May 04, 2019 11:46 AM EDT

Could Electric Scooters Transform the Way We Think of Transportation?

There is a global rush to figure out the most efficient way to replace vehicles that run on fossil fuels under pressure to be more environmentally friendly and deal with a potential shortage of petroleum soon. The push now is towards electric cars, with Smart Energy International noting that globally governments and private businesses are turning to electricity to power their newest vehicles. One of the world's most prolific electric vehicle companies, Elon Musk's Tesla, spent almost one and a half billion dollars in 2018 on research and development according to Statista. However, while electric and hybrid vehicles are slowly but surely dominating the roads, a lightly sleeping competitor may show them up at their own game.

Scooters, Scooters Everywhere

Roland Berger reports that in Southeast Asia, the majority of transport is provided by these two-wheeled vehicles, partially because of the lack of parking space for cars. The cost of these two-wheeled wonders is negligible, with new ones costing as little as USD 500 and used ones coming in at almost half that cost. With the late availability of income from the newly industrialized areas of India and other parts of Southeast Asia, the scooter market is one that is ripe for the entry of an environmentally friendly transport option. According to Sixth Tone, China has over 200 million of these electric bikes (e-bikes) already with a potential 30 million entering the market each year. As far as commuters are concerned, e-bikes off a space-friendly, environmentally friendly and convenient way to traverse the city.

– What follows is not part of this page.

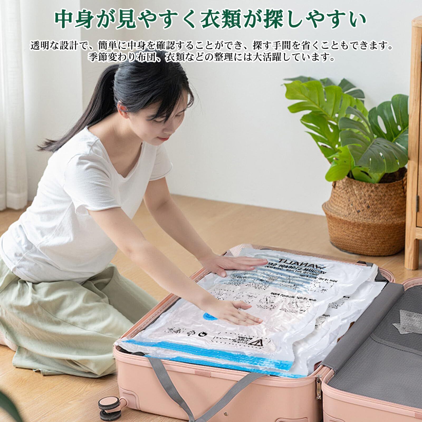 【容量80%削減でスペース効率化】 厚手で耐久性のあるポリエステル素材を使用した圧縮袋。布団や衣類を圧縮することで、クローゼットや寝室のスペースを最大80%削減。旅行時にはスーツケースの収納効率を向上させ、荷物をスマートに整理できます。繰り返し使用可能で、長期間の保管にも最適です。

Battery Packs and Easy Charging

When electric vehicles first entered the market, their dependence on Lithium Ion batteries made the entire vehicle construction process expensive. The thought of selling costly emerging technology like this to the third world was laughable in the extreme. Then suddenly, because of the slow adoption of the technology around the globe, competing manufacturers and more R&D going into the field, the construction of batteries became so affordable that even poorer countries could afford electric power in their transport. Electrive mentions that batteries are likely to drop by 52% by the time 2030 rolls around. Due to the lack of charging stations in developing countries, manufacturers have fallen back on offering means of charging from a home power supply, but eventually, the idea is to roll out charging stations in easily accessible places to deal with the demand.

Why a Scooter?

In developing nations, not only is it difficult for a factory or commercial worker to afford a vehicle, but the hoops put in place by financial organizations to qualify for loans for cars puts it out of reach of most workers. The added problem of massive snarls of traffic that slow progress means that even affording a car is no guarantee of personal transport. Instead, the use of a power scooter is more prevalent in places where the population is massive because of the added mobility a scooter offers to the operator. Overall, consumers prefer spending less time stuck behind a traffic jam, and the fact that they can still have motorized transport that avoids that bottleneck makes the decision to buy a scooter the obvious one.

Government Support Needed

As with most developing nations, no move along these lines will succeed unless the government puts in the requisite support. Subsidies for entrepreneurs who want to open charging stations is a potential way for governments to stimulate the growth of electric adoption. Manufacturers can aid in creating standardized sizes of components and batteries to assist in the importation and distribution of parts. The fight to control climate change has already begun, and while there is a distinct need for our thinking about carbon-based transportation to change in the first world, developing nations are the most crucial battleground in this war.